What the task requires
Of the records that follow, copy only the lines from the line containing "Il sera procédé" to the line containing "Овладение универсальными учебными", both included, exactly as written.

Data records
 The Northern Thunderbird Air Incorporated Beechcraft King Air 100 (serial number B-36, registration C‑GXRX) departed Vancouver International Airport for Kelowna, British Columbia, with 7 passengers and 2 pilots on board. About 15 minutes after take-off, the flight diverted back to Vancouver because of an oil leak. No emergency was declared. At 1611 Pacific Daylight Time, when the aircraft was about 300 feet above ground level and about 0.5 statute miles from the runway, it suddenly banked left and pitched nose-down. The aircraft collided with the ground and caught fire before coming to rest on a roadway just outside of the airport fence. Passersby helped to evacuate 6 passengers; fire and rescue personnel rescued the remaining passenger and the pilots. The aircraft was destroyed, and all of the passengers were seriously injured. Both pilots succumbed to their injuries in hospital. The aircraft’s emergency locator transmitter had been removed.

...

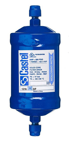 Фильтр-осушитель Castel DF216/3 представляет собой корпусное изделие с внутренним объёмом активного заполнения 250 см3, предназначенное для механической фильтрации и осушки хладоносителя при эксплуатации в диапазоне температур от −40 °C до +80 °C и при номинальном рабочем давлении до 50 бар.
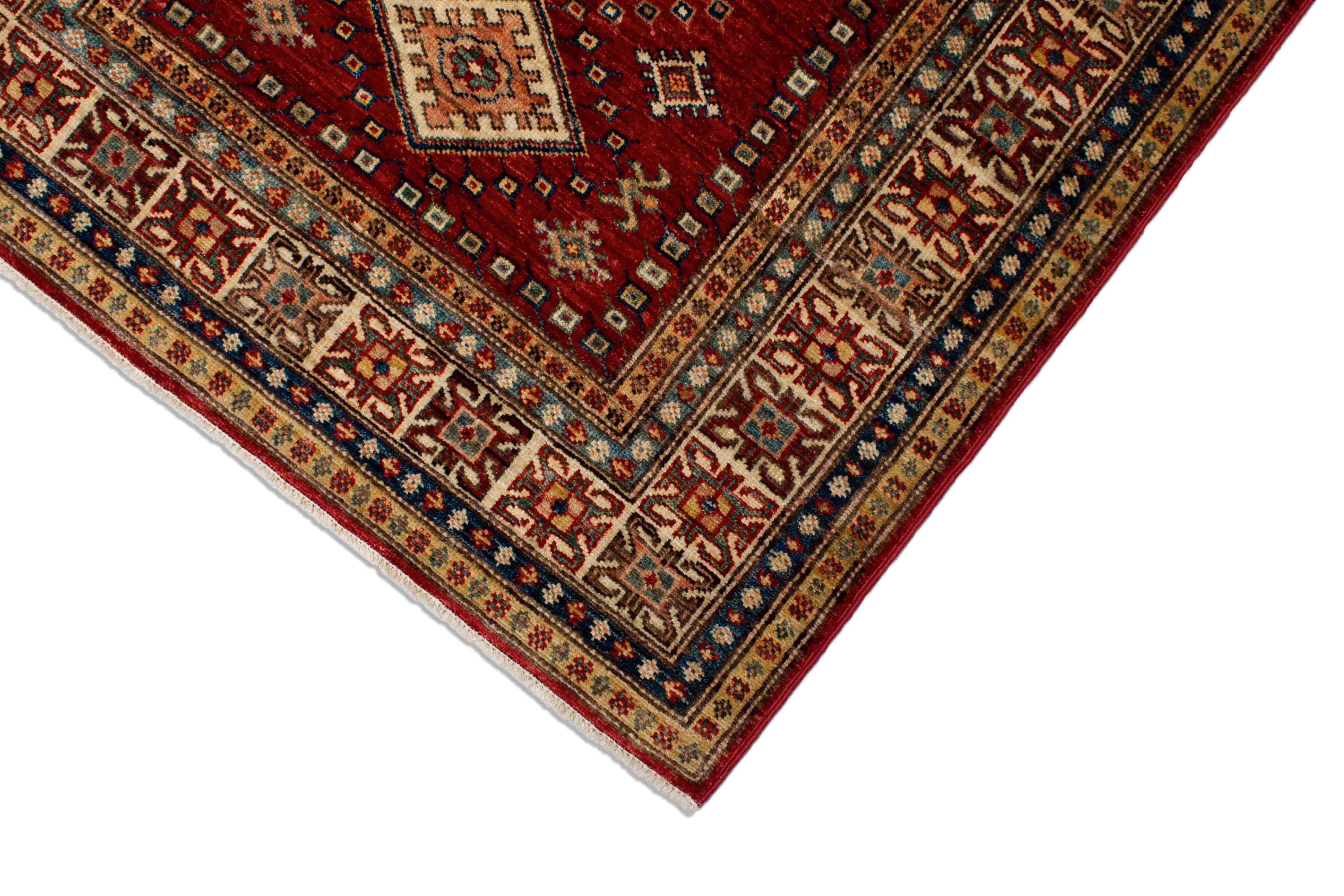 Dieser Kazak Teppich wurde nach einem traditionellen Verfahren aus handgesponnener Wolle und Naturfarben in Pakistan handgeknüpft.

---

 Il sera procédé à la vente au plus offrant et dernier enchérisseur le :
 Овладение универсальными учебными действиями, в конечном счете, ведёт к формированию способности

Answer below
 Il sera procédé à la vente au plus offrant et dernier enchérisseur le :
 Овладение универсальными учебными действиями, в конечном счете, ведёт к формированию способности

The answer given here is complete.